Listed entries:
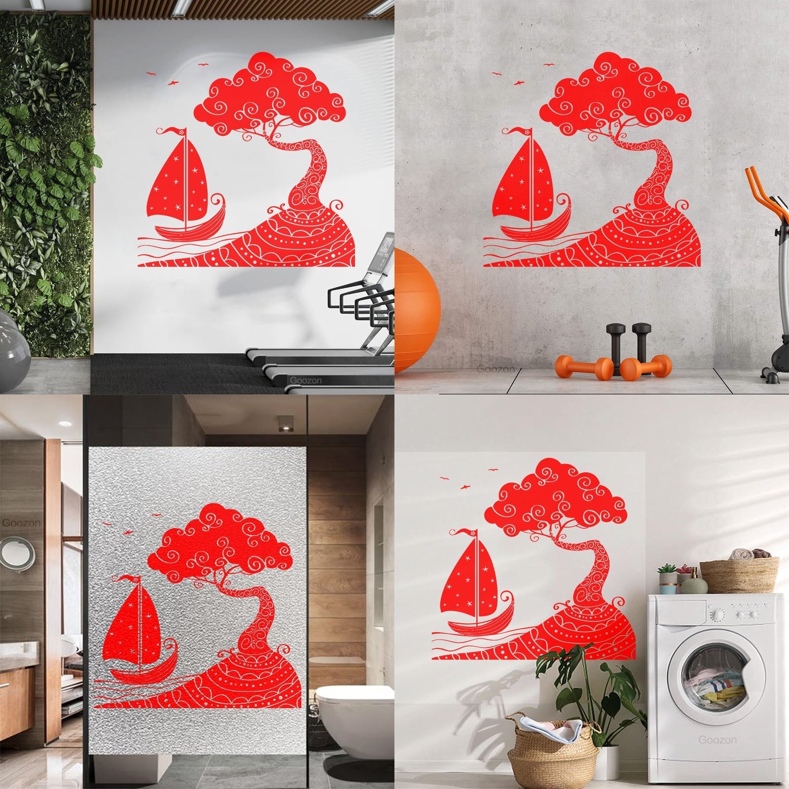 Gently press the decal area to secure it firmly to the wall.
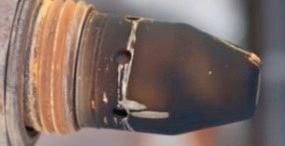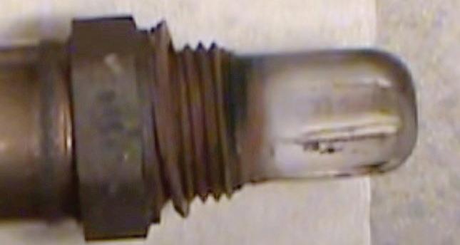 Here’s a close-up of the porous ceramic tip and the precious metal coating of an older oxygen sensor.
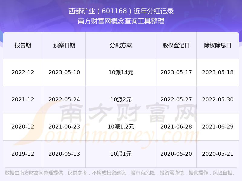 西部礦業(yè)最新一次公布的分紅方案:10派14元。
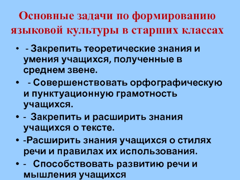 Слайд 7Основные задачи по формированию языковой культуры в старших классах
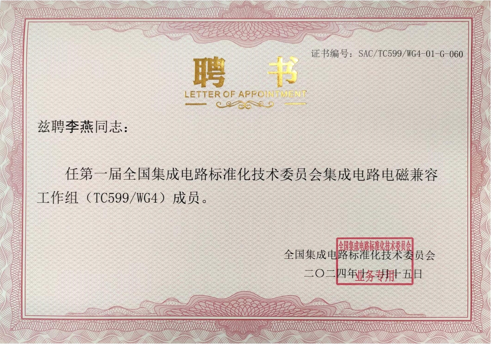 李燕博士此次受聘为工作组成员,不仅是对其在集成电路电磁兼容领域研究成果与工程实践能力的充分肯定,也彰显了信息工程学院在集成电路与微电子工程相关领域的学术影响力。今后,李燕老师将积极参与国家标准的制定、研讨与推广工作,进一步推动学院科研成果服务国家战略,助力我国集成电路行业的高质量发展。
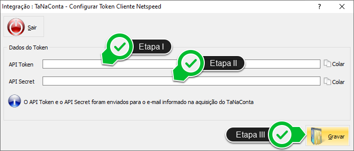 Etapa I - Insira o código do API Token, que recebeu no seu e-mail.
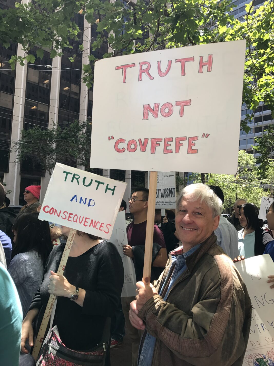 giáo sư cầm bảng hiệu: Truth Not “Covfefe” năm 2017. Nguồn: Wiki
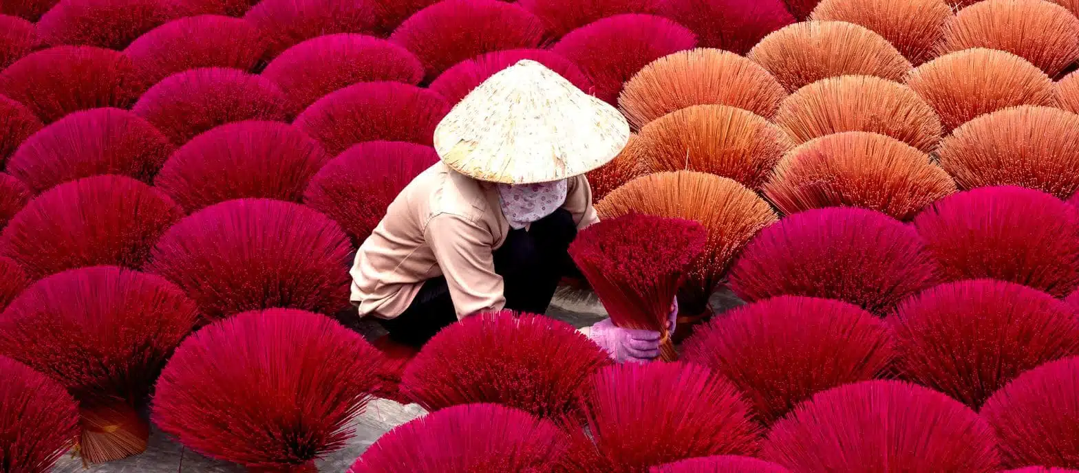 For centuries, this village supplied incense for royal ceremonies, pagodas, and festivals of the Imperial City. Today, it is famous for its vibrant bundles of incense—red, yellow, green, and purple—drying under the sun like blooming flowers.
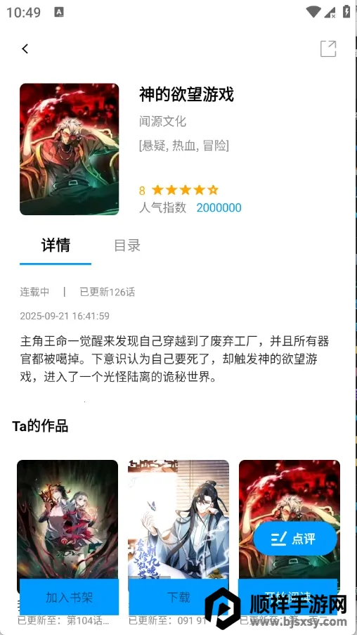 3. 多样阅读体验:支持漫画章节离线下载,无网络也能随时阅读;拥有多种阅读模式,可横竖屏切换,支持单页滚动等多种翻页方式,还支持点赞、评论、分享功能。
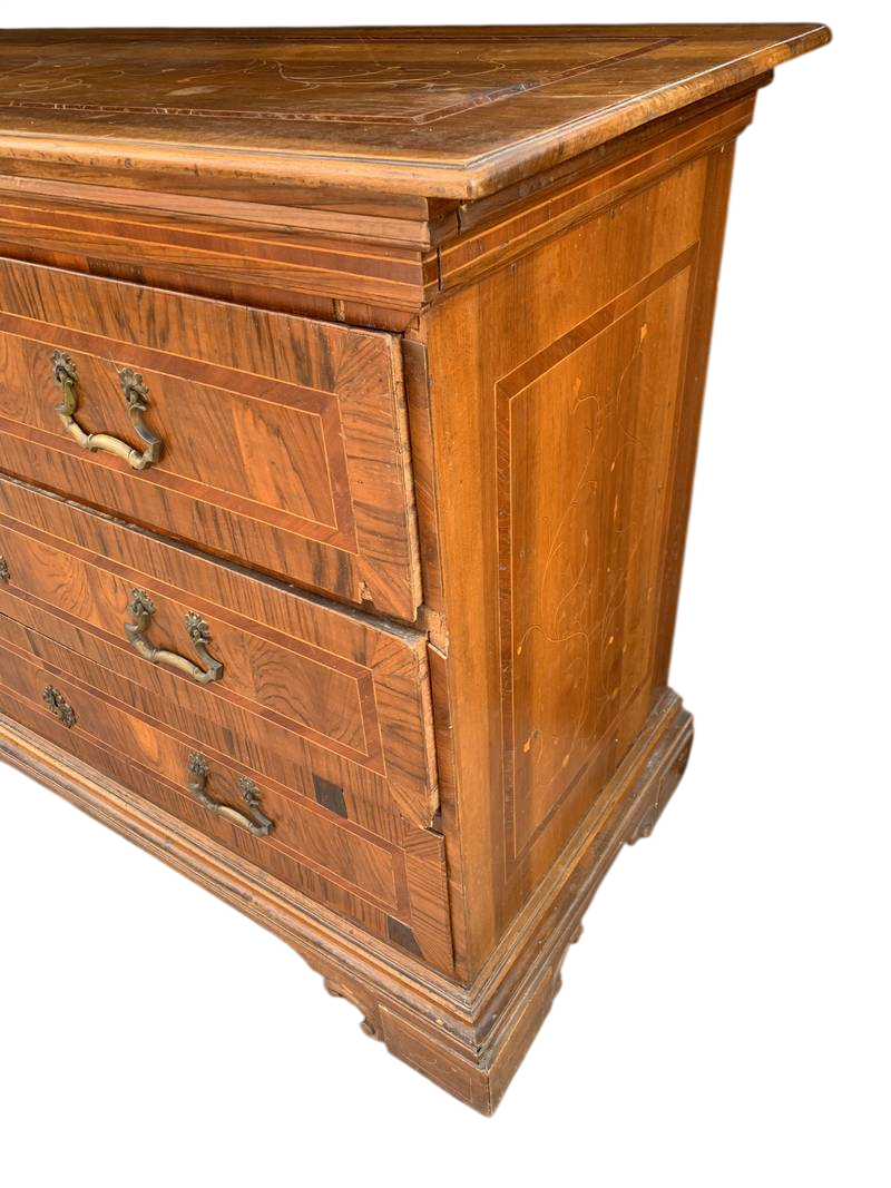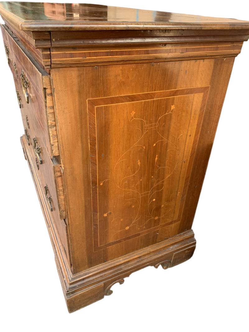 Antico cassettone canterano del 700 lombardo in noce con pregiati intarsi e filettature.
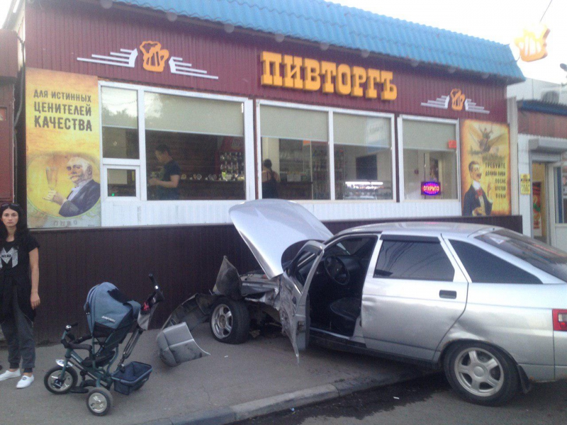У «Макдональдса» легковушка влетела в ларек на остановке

Try it: Exactly as written, please give again the lines from the beginning of the listing through the line containing "giáo sư cầm", inclusive, without any pictures.

Your response:
 Gently press the decal area to secure it firmly to the wall.
 Here’s a close-up of the porous ceramic tip and the precious metal coating of an older oxygen sensor.
 西部礦業(yè)最新一次公布的分紅方案:10派14元。
 Слайд 7Основные задачи по формированию языковой культуры в старших классах
 李燕博士此次受聘为工作组成员,不仅是对其在集成电路电磁兼容领域研究成果与工程实践能力的充分肯定,也彰显了信息工程学院在集成电路与微电子工程相关领域的学术影响力。今后,李燕老师将积极参与国家标准的制定、研讨与推广工作,进一步推动学院科研成果服务国家战略,助力我国集成电路行业的高质量发展。
 Etapa I - Insira o código do API Token, que recebeu no seu e-mail.
 giáo sư cầm bảng hiệu: Truth Not “Covfefe” năm 2017. Nguồn: Wiki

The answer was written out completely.